To address the challenge of simultaneously preserving fine details and ensuring downstream-task adaptability in infrared and visible-light image fusion, this paper proposes SAGE, a semantic-guided lightweight fusion framework. Methodologically, SAGE introduces (1) the Semantic Persistent Attention (SPA) module—the first of its kind—to dynamically model cross-modal semantic correlations; and (2) a three-level knowledge distillation mechanism—operating at feature, pixel, and contrastive semantic levels—to transfer semantic priors from the Segment Anything Model (SAM) to a compact student network, thereby eliminating SAM dependency during inference. Extensive experiments demonstrate that SAGE consistently outperforms state-of-the-art methods in both visual quality and downstream performance for detection and segmentation tasks, while achieving real-time inference speed (>30 FPS).
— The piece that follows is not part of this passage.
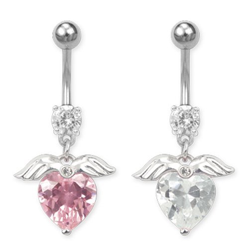 Very Nice Large Stone Heart Dangling Belly Ring With Wings.

This advances task-oriented practicality of fused imagery without compromising fidelity or efficiency.

Multi-modality image fusion, particularly infrared and visible image fusion, plays a crucial role in integrating diverse modalities to enhance scene understanding. Early research primarily focused on visual quality, yet challenges remain in preserving fine details, making it difficult to adapt to subsequent tasks. Recent approaches have shifted towards task-specific design, but struggle to achieve the ``The Best of Both Worlds'' due to inconsistent optimization goals. To address these issues, we propose a novel method that leverages the semantic knowledge from the Segment Anything Model (SAM) to Grow the quality of fusion results and Establish downstream task adaptability, namely SAGE. Specifically, we design a Semantic Persistent Attention (SPA) Module that efficiently maintains source information via the persistent repository while extracting high-level semantic priors from SAM. More importantly, to eliminate the impractical dependence on SAM during inference, we introduce a bi-level optimization-driven distillation mechanism with triplet losses, which allow the student network to effectively extract knowledge at the feature, pixel, and contrastive semantic levels, thereby removing reliance on the cumbersome SAM model. Extensive experiments show that our method achieves a balance between high-quality visual results and downstream task adaptability while maintaining practical deployment efficiency.